Kline’s mother told police her daughter had been at the Roseville mall that afternoon.

Brandon Kline told police he heard a loud noise, looked out a window, and saw his sister on the ground. He said he was told by a neighbor that a gold minivan sped away from the scene and that he assumed she had been struck.

He said his sister and Uso had dated on and off for about a year and that she had recently broken up with him because he lied to his family about the relationship.

A neighbor’s doorbell camera showed a gold minivan slowly approaching the home and stopping. A gunshot rang out, the front passenger door opened, and Kline fell out and was not moving. Her brother confirmed to police that it was Uso’s minivan.

Investigators later determined she had been shot in the back of the head at close range.
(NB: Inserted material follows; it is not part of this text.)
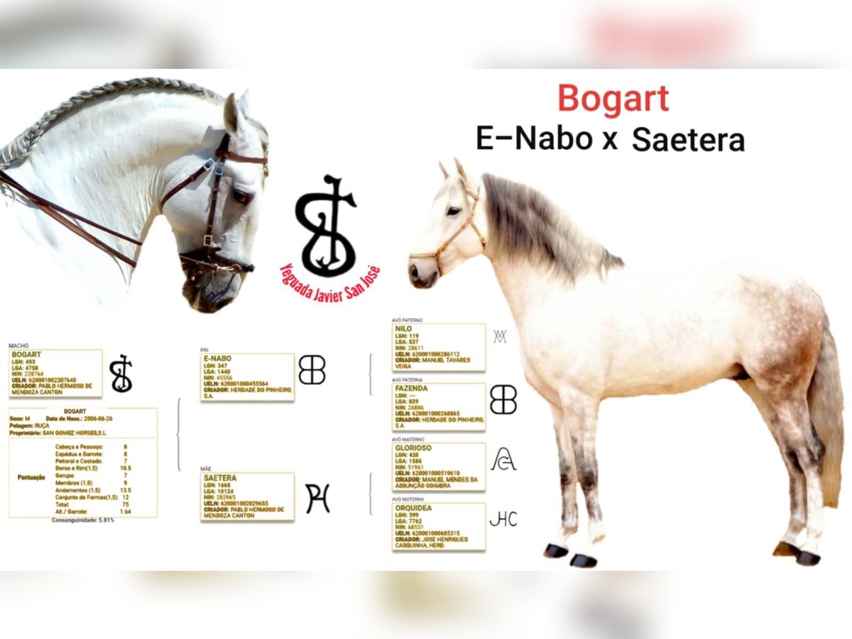 Denna vackra hingst representerar inte bara bästa egenskaper eftersom han är uppfödd av den berömda spanska tjurfäktaren Pablo Hermoso de Mendoza och har en utmärkt stamtavla med blodlinjer från Veiga stud, en av de äldsta och renaste portugisiska dubbarna. Han har extraordinära söner, barnbarn, döttrar och barnbarn. Och på toppen tränas han upp till Grand Prix-nivå med super piaffe, passage, stort trav, piruetter och flygande förändringar. En mycket stark häst, lätt att samla och spektakulära grindar. Bogart ligger på en av de bästa dubbarna för portugisiska hästar i Spanien. Eftersom de redan odlar med nästa generation är denna häst en idealisk utsikt för avel på en ny stud, förbättra blodslinjerna eller starta en stud för Lusitano-hästar. Och på toppen kan han omedelbart startas i dressyrsport på hög nivå. Mycket sällsynt möjlighet!

Police tracked the location of Uso’s phone, learned he was in the Burnsville area, and notified city police, who located the minivan at a gas station about 6:30 p.m. Officers saw a .40-caliber semi-automatic handgun in the minivan’s center console, and Uso was detained.

In an interview with investigators, Uso said he and Kline had broken up two weeks prior. He said they got into an argument at the mall. He said “he thought he pulled out the gun” when dropping her off at her house, “pointed it at her, pulled the trigger once and drove off fast,” the charges read.

Uso said he drove away quickly because “he realized he did something dumb” and “was shaking as he drove away and dropped the gun in the van.” Uso went on to say he had obtained the handgun from “unknown persons” the day before. Police said the serial number matched a gun stolen in Marshalltown, Iowa.

‘Great big, beautiful smile’

Uso testified at his trial that he had been distraught after their breakup. He said Kline was shot accidentally when she grabbed the gun to try to stop him from killing himself.

But Uso knew what he did, Kline’s brother Brandon said Wednesday in his victim impact statement, “and sat on the stand, lying and being a coward again, saying he wanted to kill himself.”

Uso, when given the opportunity to address the court, said: “I just want to say I’m extremely sorry from the bottom of my heart for Jayden’s family.”

Judge Walker Jasper, before imposing the sentence, recalled a photo of Kline that was introduced as an exhibit during the trial, showing her “great big, beautiful smile that she had.”